Stored entries:

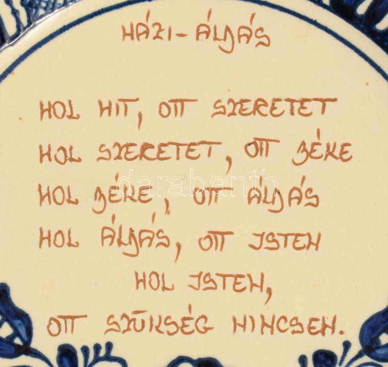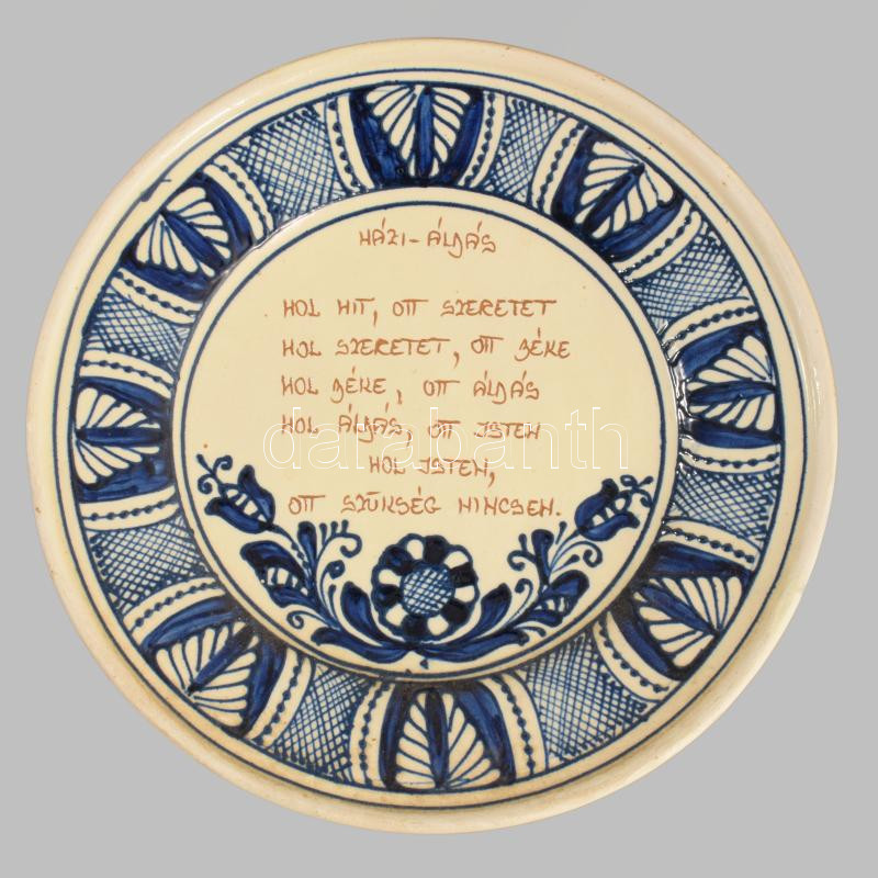 Népi kerámia házi áldás falidísz, d: 21,5 cm
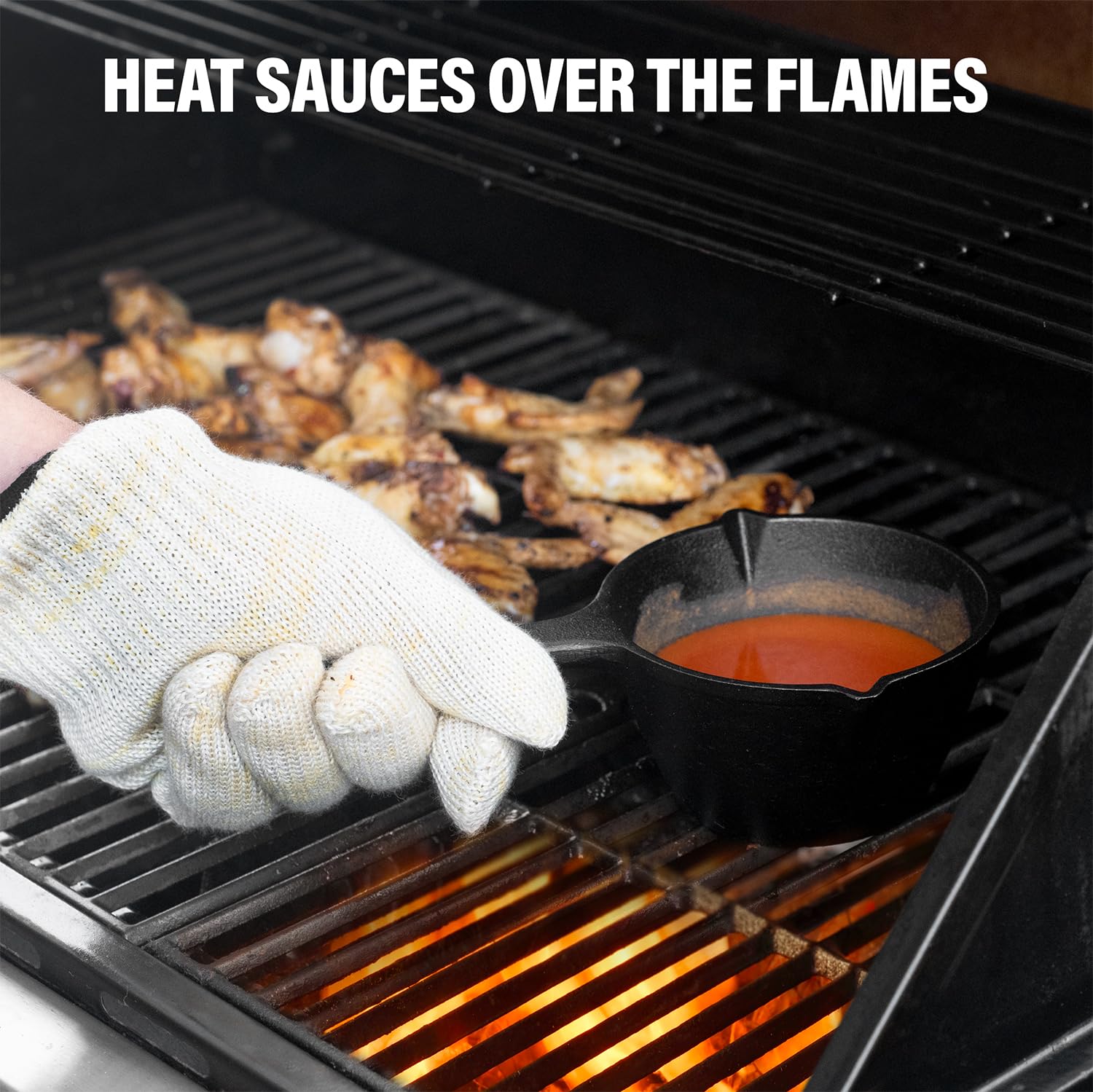 - Pre-Seasoned Basting Pot: Our cast iron basting pot is pre-seasoned with a thin layer of oil, ensuring that it's ready to use right out of the box. Plus, its durable construction means that it will stand up to high heat and frequent use for years to come, making it a reliable tool in your outdoor cooking arsenal.
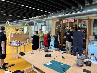 Am 5. September 2023 trafen sich insgesamt neun Interessierte aus Guben und Spremberg/Grodk zum dritten Mal im Rahmen des Verbundprojektes „Kommunen innovativ – Altersinnovationen“ im Creative Open Lab (COLab). Der thematische Workshop beschäftigte sich mit der Technik des 3D-Drucks. Viele der Teilnehmenden kamen erstmals mit dieser Technik in Berührung und konnten sich an selbstgefertigten Namensschildchen und Buchhaltern ausprobieren. Mit einem Rundgang durch die hochtechnologisch ausgestattete Mitmachwerkstatt der BTU Cottbus-Senftenberg endete ein interessanter und ereignisreicher Ausflug.
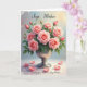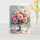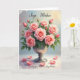 Designed with a lush bouquet of blush-pink roses, this card centers on full blooms and tender buds gathered in a polished silver chalice, like a quiet gift shared between close hearts ❤️. Soft pink petals fade from deeper centers to paler edges, while fresh green leaves peek through as if leaning in to keep the flowers company. The background shifts in a gentle gradient from cool pale blue to warm peachy yellow, creating a calm, intimate setting. A few loose petals rest on the reflective surface below, hinting at a recent touch and a lingering, affectionate pause 🌼. Tiny shimmering specks drift through the air, adding a light, celebratory sparkle without overpowering the scene. Message text sits at the top and bottom in flowing lettering, set in a dark ink that stands out against the airy backdrop. A thin, vintage-style border frames everything neatly, with the chalice and roses remaining the brightest focal point. The reflective base shows faint highlights around the scattered petals and the rounded foot of the silver chalice.
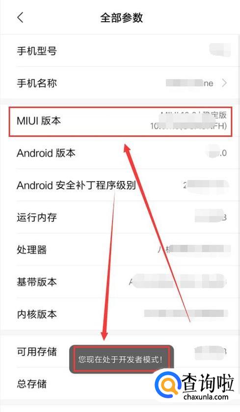 通过多次连点手机“全部参数”中的“MIUI版本”,让手机进入开发者模式。
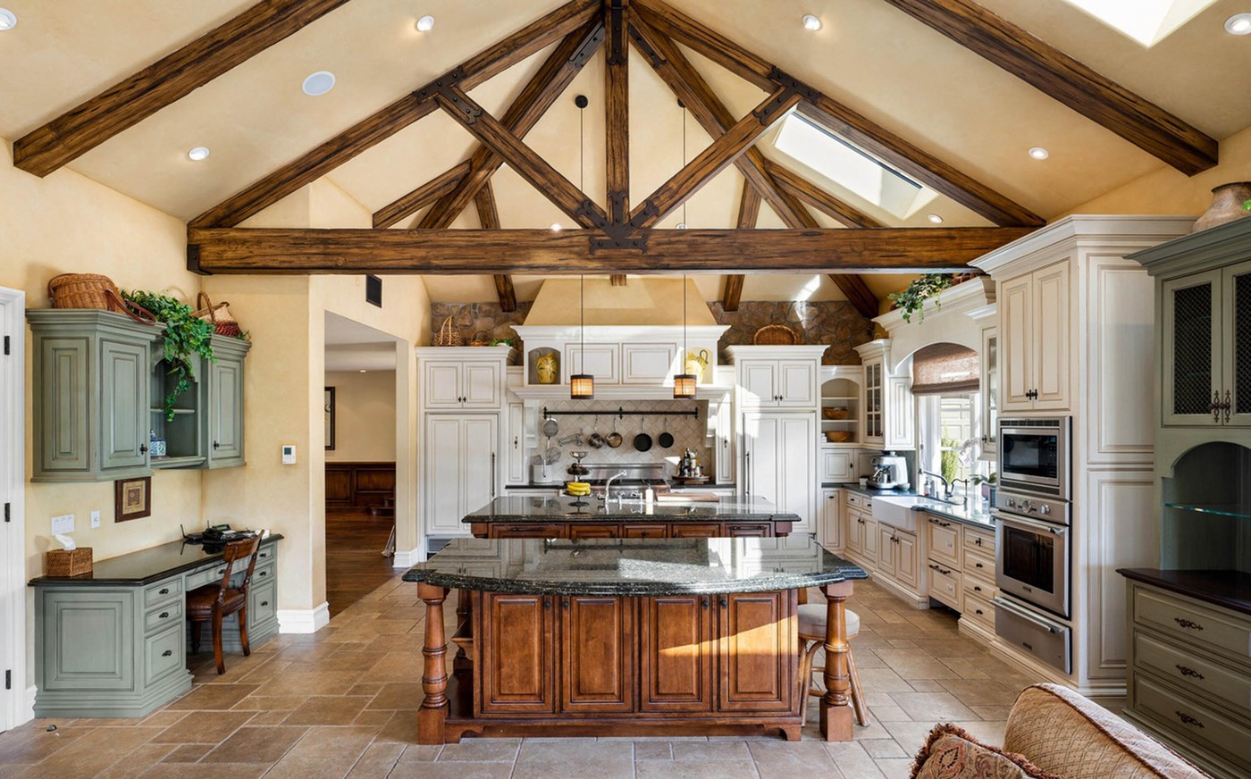 Obroke bosta zakonca pripravljala v ogromni kuhinji z dvojnim otokom z marmornatimi površinami, lesenim obokanim stropom ter krožnim jedilnim kotičkom. Kuhinja je povezana z dnevno sobo s kamnitim kaminom in francoskimi vrati, ki vodijo na dvorišče.
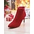Röda damstövlar i mocka med stilettmönster, dragkedja och spetsig tå, eleganta och chica, perfekta för jul, högtidsfester och formella tillfällen
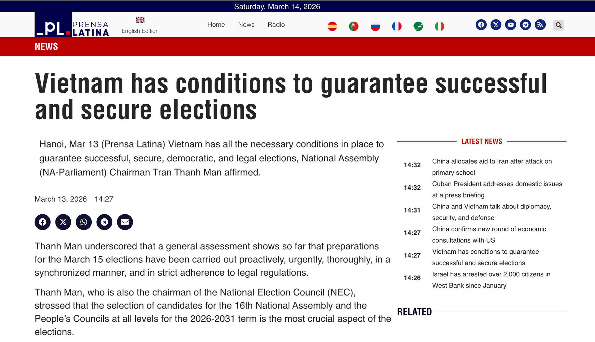 | Tin tức về bầu cử của Việt Nam trên Prensa Latina. Ảnh chụp màn hình. |
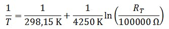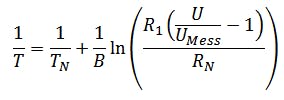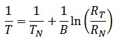 B is a size dependent on the component. B is a component-dependent quantity, which can be taken from the data sheet with B = 4250 K. Thus, the analog quantity temperature can be mapped to the analog quantity electrical resistance.
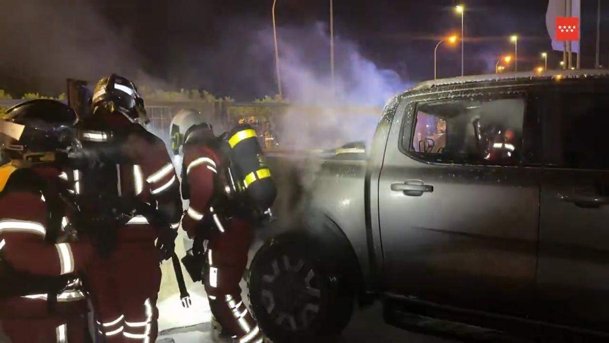 Varios vehículos arden en el exterior de un concesionario de Leganés: los bomberos extinguen las llamas
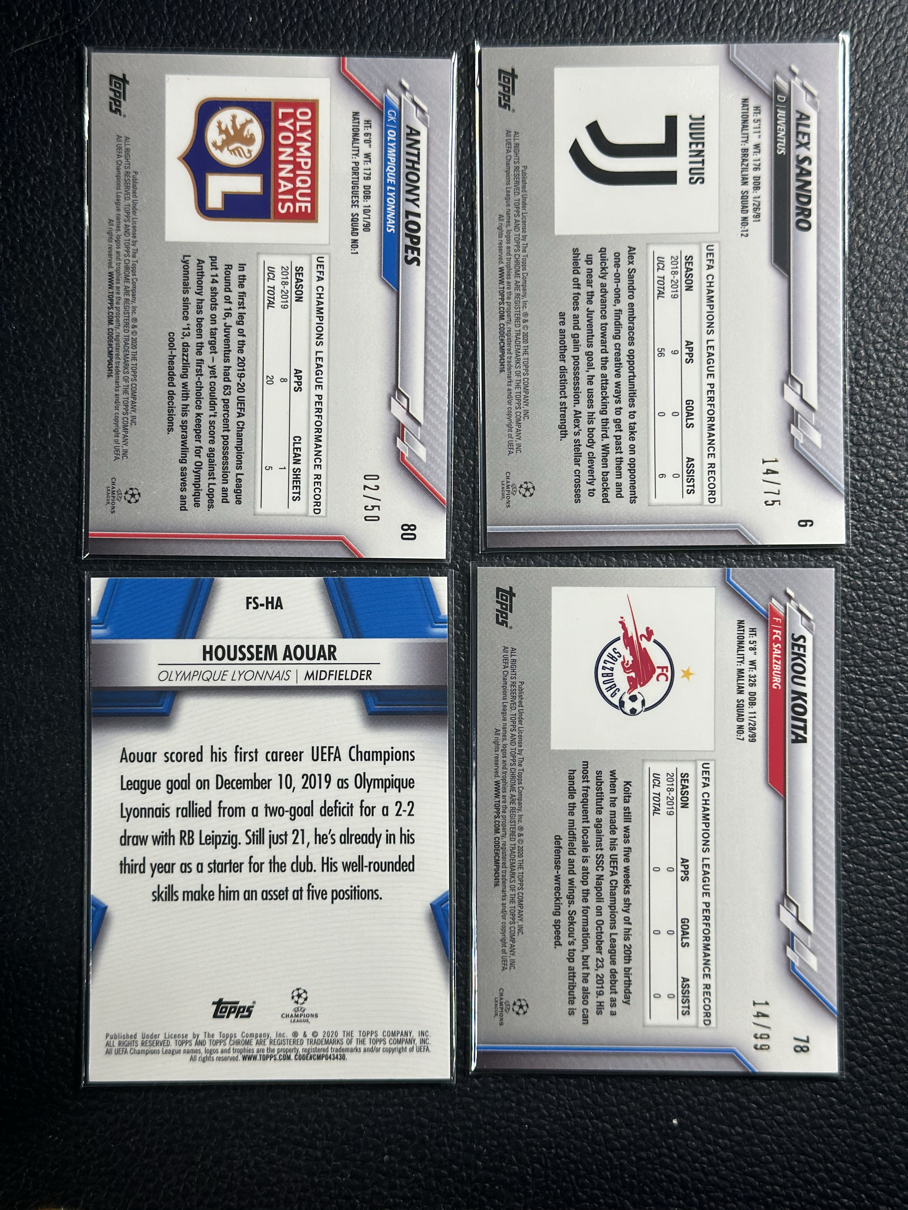 2019-20 Topps sapphire chrome Sekou Koita RC Kacey拍卖元年欧冠蓝宝石 尤文图斯 里昂 洛佩斯 桑德罗 奥亚尔 科伊塔新秀 4张带编打包必备大魔王

ACTIVITY
Give back the exact lines above, running from the one that has "- Pre-Seasoned Basting" through the one that has "Am 5. September", with nothing added and no pictures.

SOLUTION FOR THIS PROBLEM
 - Pre-Seasoned Basting Pot: Our cast iron basting pot is pre-seasoned with a thin layer of oil, ensuring that it's ready to use right out of the box. Plus, its durable construction means that it will stand up to high heat and frequent use for years to come, making it a reliable tool in your outdoor cooking arsenal.
 Am 5. September 2023 trafen sich insgesamt neun Interessierte aus Guben und Spremberg/Grodk zum dritten Mal im Rahmen des Verbundprojektes „Kommunen innovativ – Altersinnovationen“ im Creative Open Lab (COLab). Der thematische Workshop beschäftigte sich mit der Technik des 3D-Drucks. Viele der Teilnehmenden kamen erstmals mit dieser Technik in Berührung und konnten sich an selbstgefertigten Namensschildchen und Buchhaltern ausprobieren. Mit einem Rundgang durch die hochtechnologisch ausgestattete Mitmachwerkstatt der BTU Cottbus-Senftenberg endete ein interessanter und ereignisreicher Ausflug.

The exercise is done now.